▶ Work item
The listing that follows should be copied in full and exactly, with no pictures.

═════ Dataset excerpt

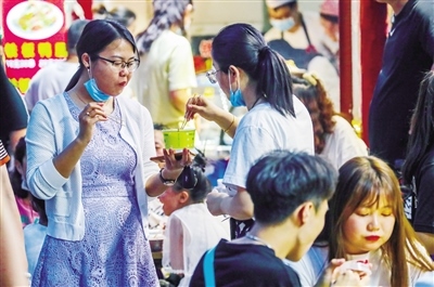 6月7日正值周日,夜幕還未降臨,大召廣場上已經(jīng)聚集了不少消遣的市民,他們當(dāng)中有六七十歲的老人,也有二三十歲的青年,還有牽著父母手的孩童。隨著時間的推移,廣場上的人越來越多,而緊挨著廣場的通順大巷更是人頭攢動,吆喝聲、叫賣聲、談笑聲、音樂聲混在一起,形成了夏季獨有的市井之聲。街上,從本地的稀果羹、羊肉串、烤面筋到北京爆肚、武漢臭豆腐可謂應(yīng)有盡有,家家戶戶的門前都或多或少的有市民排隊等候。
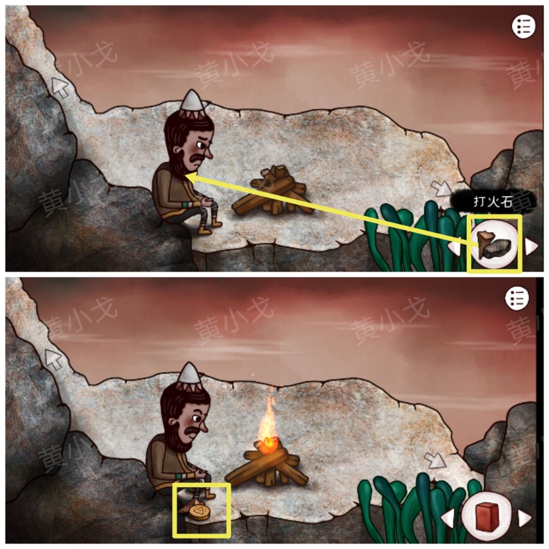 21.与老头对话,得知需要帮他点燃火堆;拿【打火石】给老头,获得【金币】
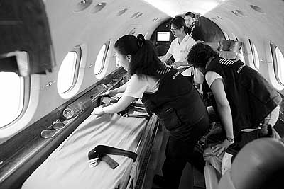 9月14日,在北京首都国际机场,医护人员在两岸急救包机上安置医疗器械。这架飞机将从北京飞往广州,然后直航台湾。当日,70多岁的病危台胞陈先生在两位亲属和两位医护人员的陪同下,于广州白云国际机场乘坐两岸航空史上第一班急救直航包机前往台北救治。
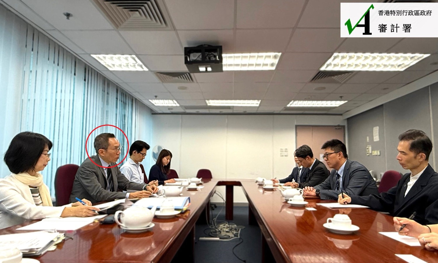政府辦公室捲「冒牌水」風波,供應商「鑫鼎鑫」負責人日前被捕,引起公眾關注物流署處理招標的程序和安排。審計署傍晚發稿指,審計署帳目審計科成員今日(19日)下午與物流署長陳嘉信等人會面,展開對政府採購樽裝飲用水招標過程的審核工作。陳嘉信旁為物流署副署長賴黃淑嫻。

══════════

▶ Result for this task
 6月7日正值周日,夜幕還未降臨,大召廣場上已經(jīng)聚集了不少消遣的市民,他們當(dāng)中有六七十歲的老人,也有二三十歲的青年,還有牽著父母手的孩童。隨著時間的推移,廣場上的人越來越多,而緊挨著廣場的通順大巷更是人頭攢動,吆喝聲、叫賣聲、談笑聲、音樂聲混在一起,形成了夏季獨有的市井之聲。街上,從本地的稀果羹、羊肉串、烤面筋到北京爆肚、武漢臭豆腐可謂應(yīng)有盡有,家家戶戶的門前都或多或少的有市民排隊等候。
 21.与老头对话,得知需要帮他点燃火堆;拿【打火石】给老头,获得【金币】
 9月14日,在北京首都国际机场,医护人员在两岸急救包机上安置医疗器械。这架飞机将从北京飞往广州,然后直航台湾。当日,70多岁的病危台胞陈先生在两位亲属和两位医护人员的陪同下,于广州白云国际机场乘坐两岸航空史上第一班急救直航包机前往台北救治。
政府辦公室捲「冒牌水」風波,供應商「鑫鼎鑫」負責人日前被捕,引起公眾關注物流署處理招標的程序和安排。審計署傍晚發稿指,審計署帳目審計科成員今日(19日)下午與物流署長陳嘉信等人會面,展開對政府採購樽裝飲用水招標過程的審核工作。陳嘉信旁為物流署副署長賴黃淑嫻。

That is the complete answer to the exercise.